A 1-dimensional statistical mechanics model for nucleosome positioning on genomic DNA

TL;DR

This paper introduces a 1D statistical mechanics model to analyze nucleosome positioning on genomic DNA, comparing homogeneous and sheep DNA, and predicting experimental outcomes based on sequence effects.

Contribution

The work develops a novel 1D model for nucleosome positioning that incorporates sequence-specific potentials and finite nucleosome size effects, extending previous simplified models.

Findings

Finite nucleosome size influences positioning probabilities.

Sequence-dependent potentials affect nucleosome distribution.
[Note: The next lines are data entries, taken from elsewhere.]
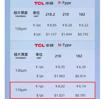 2022年5月19日,TCL中环推出N型硅片,硅片厚度减薄至130微米。今年3月,根据TCL中环硅片报价显示,N型硅片已经再度减薄至110微米,并且在价格上低于P型硅片,实现了NP同价。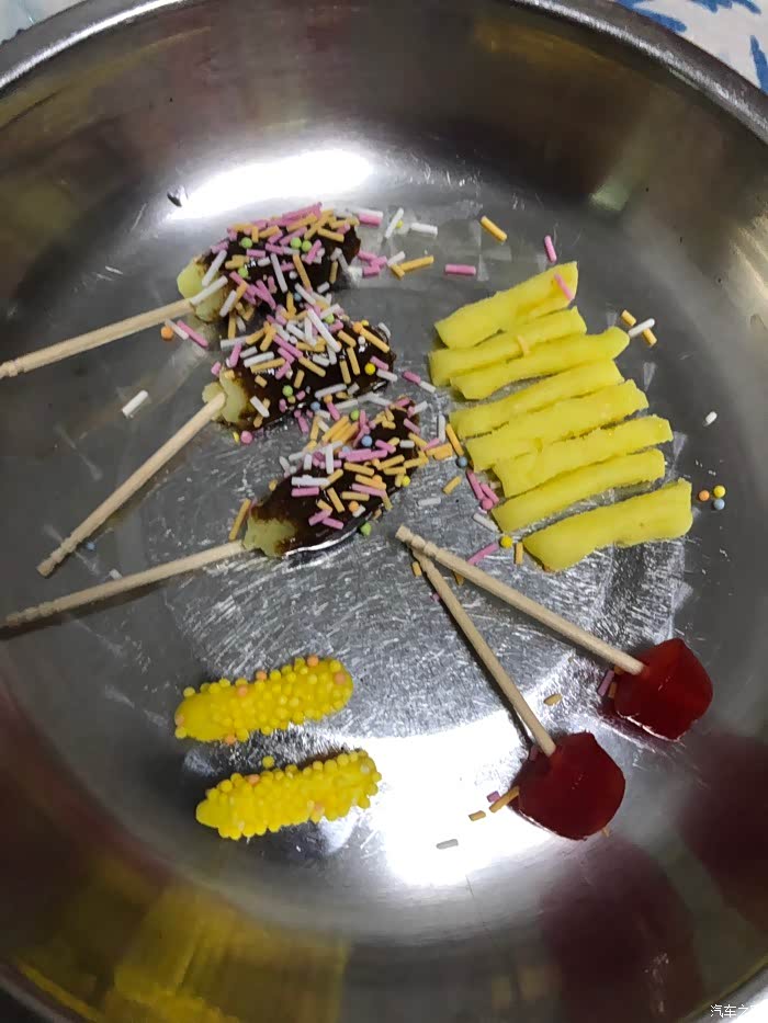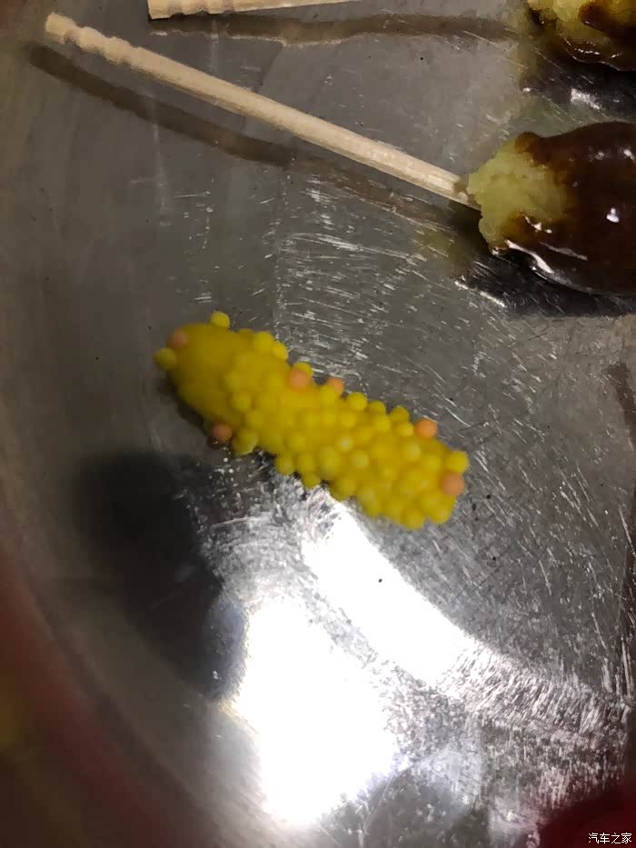 拿出玉米在模具里滚来滚去。沾糖。沾好后如图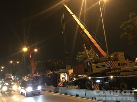 Nhận thông tin, Đội CSGT Bình Triệu có mặt điều tiết giao thông, xử lý hiện trường. Hai xe cẩu được điều đến để khắc phục sự cố.

Model predictions align with experimental digestion patterns.

Abstract

The first level of folding of DNA in eukaryotes is provided by the so called '10 nm chromatin fibre', where DNA wraps around histone proteins (approx. 10 nm in size) to form nucleosomes, which go on to create a zig zagging bead on a string structure. In this work we present a 1 dimensional statistical mechanics model to study nucleosome positioning within one such 10 nm fibre. We focus on the case of genomic sheep DNA, and we start from effective potentials valid at infinite dilution and determined from high resolution in vitro salt dialysis experiments. We study positioning within a polynucleosome chain, and compare the results for genomic DNA to that obtained in the simplest case of homogeneous DNA, where the problem can be mapped to a Tonks gas. First, we consider the simple, analytically solvable, case where nucleosomes are assumed to be point like. Then, we perform numerical simulations to gauge the effect of their finite size on the nucleosomal distribution probabilities. Finally we compare nucleosome distributions and simulated nuclease digestion patterns for the two cases (homogeneous and sheep DNA), thereby providing testable predictions of the effect of sequence on experimentally observable quantities in experiments on polynucleosome chromatin fibres reconstituted in vitro.